More points to consider. Cast iron is notorious for hard occlusions that are almost impossible to thread with small taps.

Taps that are not sharp will bind mush worse than sharp ones.

The amount of flex a tap will tolerate is determined by the manufacturer when the tap is tempered. Too hard and they snap instantly. Too soft and they flex well but wear out quickly.


----------



## JackG (Mar 26, 2012)

In my experience, the first rule is: keep it clean. When the tap feels like it's starting to bind, I back it out, brush it off and blow out the hole with air to remove any debris. 

Jack


----------



## smfr (Mar 26, 2012)

Thanks for all the excellent advice, guys! I need to make myself a floating holder.

I think my main error was trying to go for full thread depth.
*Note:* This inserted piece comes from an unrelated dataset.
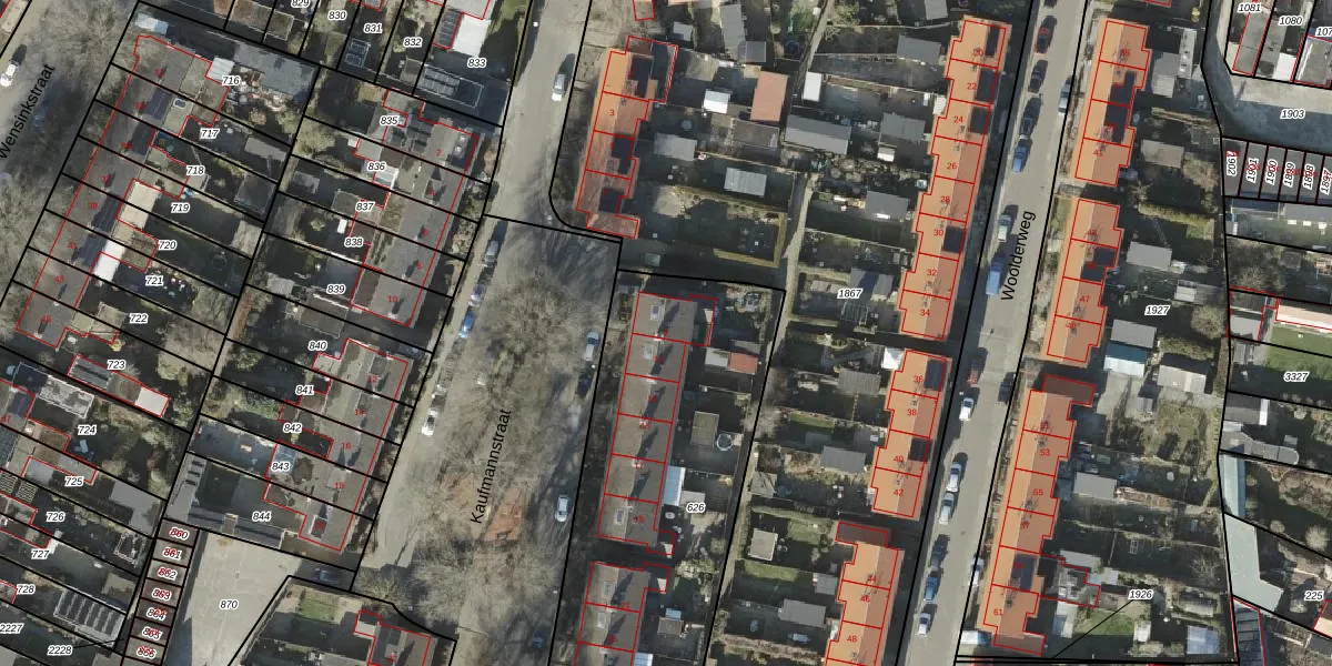 Het perceel waarop Kaufmannstraat 9 staat heeft een oppervlakte van 1870 m². Dit is een zeer groot perceel. De perceeloppervlakte wordt geregistreerd door het Kadaster. Gedetailleerde informatie over de maten van dit perceel kunt u vinden in het rapport Kadastrale kaart met maatvoering van Kaufmannstraat 9.

I have plenty more holes on this model to practice on!

Simon


----------



## Swede (Mar 26, 2012)

If tapping scary material, another technique is to alternate taper and plug taps. Run the taper tap in until the forces become a little scary, then back it out. Follow with the plug tap, again until forces get a bit high for the tap in question. Repeat the process with the taper tap.
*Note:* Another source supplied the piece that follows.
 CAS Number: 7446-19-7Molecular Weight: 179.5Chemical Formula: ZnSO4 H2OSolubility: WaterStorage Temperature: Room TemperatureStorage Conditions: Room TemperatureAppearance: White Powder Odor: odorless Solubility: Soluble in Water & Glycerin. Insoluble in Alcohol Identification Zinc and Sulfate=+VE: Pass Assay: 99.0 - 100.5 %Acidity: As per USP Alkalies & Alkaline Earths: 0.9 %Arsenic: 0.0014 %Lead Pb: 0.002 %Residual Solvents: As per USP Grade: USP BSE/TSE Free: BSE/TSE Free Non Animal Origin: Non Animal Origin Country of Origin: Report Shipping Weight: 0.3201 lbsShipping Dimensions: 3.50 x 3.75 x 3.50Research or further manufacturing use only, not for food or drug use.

The two profiles complement each other nicely, with the added bonus of clearing chips frequently and well. It's tedious, but beats a broken tap in SS and the like.


----------



## Lew Hartswick (Mar 26, 2012)

If you have the material depth just drill deeper and use a spiral point tap. 
Piece of cake. 
  ...Lew...


----------



## rkepler (Mar 26, 2012)

Lew Hartswick  said:
			
		

> If you have the material depth just drill deeper and use a spiral point tap.
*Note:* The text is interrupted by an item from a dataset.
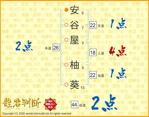 安(6画)谷(7画)屋(9画) 柚(9画)葵(13画)

A 4BA spiral point tap? I've got to get the name of your supplier! Maybe they have spiral flute too!

Another thing you can try is that if you've got a lot of threads in the assembly you can really reduce the tapping effort by reducing the % thread. If you have 3x diameter in the engagement you could go as little as 50% thread.

I also tap in the same setup as I drill - spot, drill to depth, tap. That helps a lot - a misaligned tap will almost alway break at depth (no matter what that might be - they *know* when the point of max inconvenience is reached.

If there isn't room for the tapping chips in the bottom of the hole I'll break a shop rule and pop 'em out with the air gun - usually by sneaking up on it from the side. Pretty much the only way to clear the hole short of lifting up the mill and shaking it when upside down, and that's just too much trouble.


----------



## Lew Hartswick (Mar 27, 2012)

Russ, I haven't any idea what a 4BA tap is. I have a 4-40 or is it a 5-40 spiral point
tap and it woks fine. 
  ...lew...


----------



## JackG (Mar 27, 2012)

BA is a British thread standard. Check here for more info.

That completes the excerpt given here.